■ EXERCISE DETAILS ■
Could you restate the entries word for word, without the images?

============================================================

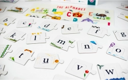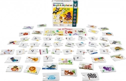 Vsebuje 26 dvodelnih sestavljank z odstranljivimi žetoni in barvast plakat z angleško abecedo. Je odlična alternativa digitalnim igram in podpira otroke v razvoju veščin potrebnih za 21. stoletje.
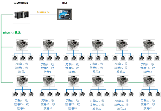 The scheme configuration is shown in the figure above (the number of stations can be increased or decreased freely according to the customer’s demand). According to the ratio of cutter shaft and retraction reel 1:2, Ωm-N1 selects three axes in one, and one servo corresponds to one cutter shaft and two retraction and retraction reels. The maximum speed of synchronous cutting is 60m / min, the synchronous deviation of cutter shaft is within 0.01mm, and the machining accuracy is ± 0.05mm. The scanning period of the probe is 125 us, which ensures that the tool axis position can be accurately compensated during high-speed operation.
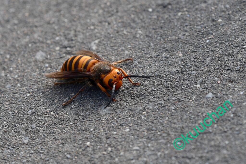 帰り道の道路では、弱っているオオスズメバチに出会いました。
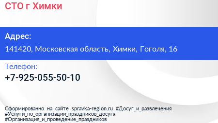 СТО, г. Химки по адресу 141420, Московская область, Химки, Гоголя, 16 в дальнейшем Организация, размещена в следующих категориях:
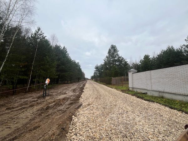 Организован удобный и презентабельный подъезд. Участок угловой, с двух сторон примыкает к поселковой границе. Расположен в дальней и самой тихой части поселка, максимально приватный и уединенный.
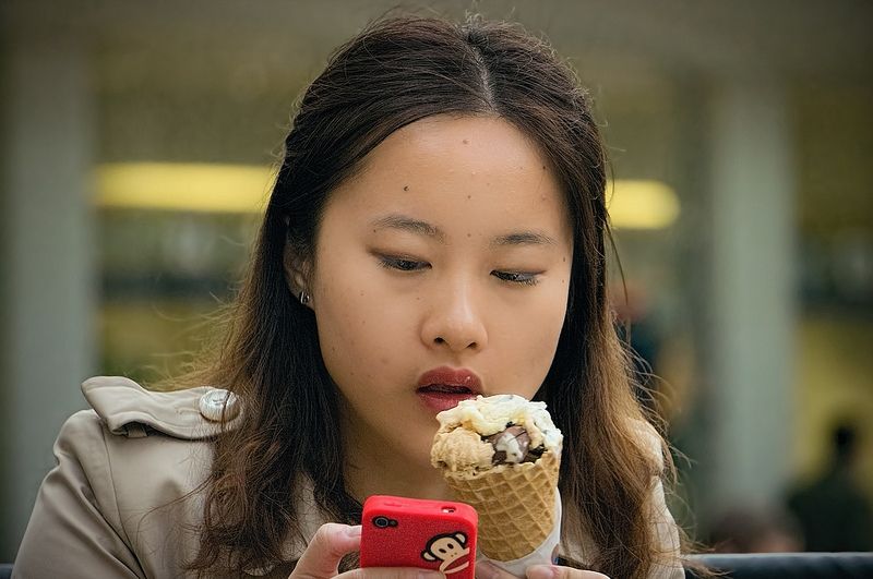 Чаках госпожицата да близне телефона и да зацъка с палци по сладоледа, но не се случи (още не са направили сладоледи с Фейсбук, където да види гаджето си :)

============================================================

■ RESULT ■
 Vsebuje 26 dvodelnih sestavljank z odstranljivimi žetoni in barvast plakat z angleško abecedo. Je odlična alternativa digitalnim igram in podpira otroke v razvoju veščin potrebnih za 21. stoletje.
 The scheme configuration is shown in the figure above (the number of stations can be increased or decreased freely according to the customer’s demand). According to the ratio of cutter shaft and retraction reel 1:2, Ωm-N1 selects three axes in one, and one servo corresponds to one cutter shaft and two retraction and retraction reels. The maximum speed of synchronous cutting is 60m / min, the synchronous deviation of cutter shaft is within 0.01mm, and the machining accuracy is ± 0.05mm. The scanning period of the probe is 125 us, which ensures that the tool axis position can be accurately compensated during high-speed operation.
 帰り道の道路では、弱っているオオスズメバチに出会いました。
 СТО, г. Химки по адресу 141420, Московская область, Химки, Гоголя, 16 в дальнейшем Организация, размещена в следующих категориях:
 Организован удобный и презентабельный подъезд. Участок угловой, с двух сторон примыкает к поселковой границе. Расположен в дальней и самой тихой части поселка, максимально приватный и уединенный.
 Чаках госпожицата да близне телефона и да зацъка с палци по сладоледа, но не се случи (още не са направили сладоледи с Фейсбук, където да види гаджето си :)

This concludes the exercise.